目をキラキラとさせていた陽子だったが何かを思い出してしゅんとなる。
「そっか…サンゼンさんずっと一緒だった人いたもんね……」
「まあ、これからは気楽に一人で暮らすってのも悪くないがな。とりあえずこの旅が終わってからだ」
そんなことを話ししているうちに工房にたどり着いた。
「着きましたヨ。ここが工房デスか」
「荷車は……えっ、もしかしてあれ?」
そういってローゼスが指さした先にはしっかりと屋根の張られた立派な馬車だった。元は四人と荷物だと少し狭いぐらいであったが、今は八人乗せて荷物を載せてなお余裕がありそうであった。
「おっと、こいつはすげえや」
「どうです? これなら長旅でも困ることはないですよ!」
工房の職人のタロニアンが誇らしげにそういう。
「……故郷のことは大丈夫なの?」
「あそこは防衛機構も兵士も大量に集まっているからね。
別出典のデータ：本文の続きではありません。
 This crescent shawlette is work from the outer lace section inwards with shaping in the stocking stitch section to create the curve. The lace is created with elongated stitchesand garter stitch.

集光塔自体も最新鋭のモノリスがびっしりとあるからそうやすやすと近づけないよ」
モノリス?と首をかしげる陽子。魔族領に来てからこういったしぐさすることが多い気がする。
「近づくと光線を発射して自動で迎撃するゴーレムだよ」
「……それって大丈夫なの?」
「え、何が?」
「ルインメーカーって、確かゴーレムは見つけられなかったような……」
と、陽子は飛行船での出来事を思い浮かべる。すると、職人は汗をだらだらと流し始めた。
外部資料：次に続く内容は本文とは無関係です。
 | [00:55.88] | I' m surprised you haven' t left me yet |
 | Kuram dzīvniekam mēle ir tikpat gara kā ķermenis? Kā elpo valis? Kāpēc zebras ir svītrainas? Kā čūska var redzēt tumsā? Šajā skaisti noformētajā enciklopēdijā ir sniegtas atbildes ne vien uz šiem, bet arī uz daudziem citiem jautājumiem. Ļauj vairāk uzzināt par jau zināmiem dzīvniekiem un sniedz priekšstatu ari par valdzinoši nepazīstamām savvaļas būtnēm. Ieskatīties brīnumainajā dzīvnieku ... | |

「……す、すぐに仕上げるから故郷を守ってくれ、な、な?」
「ええ、もちろん。あいつをこのままにしておくわけにはいかないわ」
「ほら! できたぞ! ばっちりだ! 馬車留場で御者と合流するといい」
ありがとうと、頭を下げて馬車とともに旅の準備をしながら御者の元に向かう。あらかじめ準備していたからか、そんなに時間はかからなかった。
待っていたのは老齢の気難しそうな男の魔族だった。
「チェーヒロ。お前たちの御者になる者だ」
そっけないと苦笑いするサンゼンとローゼス。よろしくねヒロさんとあだ名付けて親しげにする陽子。
よろしくお願いしますと、言葉を返して粛々と荷物を積みいれるアカリ。新しい仲間に対する反応はそれぞれだった。
「乗ったな? 行くぞ」
目指すは首都から北、集光塔の麓、タロニアンの里。
陽子達の旅はまだ続く。
集光塔
太陽の光から光の属性を集める、魔族の重要施設。
これを失えば、照明の類を失う。
魔は闇に潜むが文明的な暮らしには光と闇の調和が必要不可欠。
そんな文明的な暮らしをする魔族にとっては、光の属性はかかすことができないものなのである。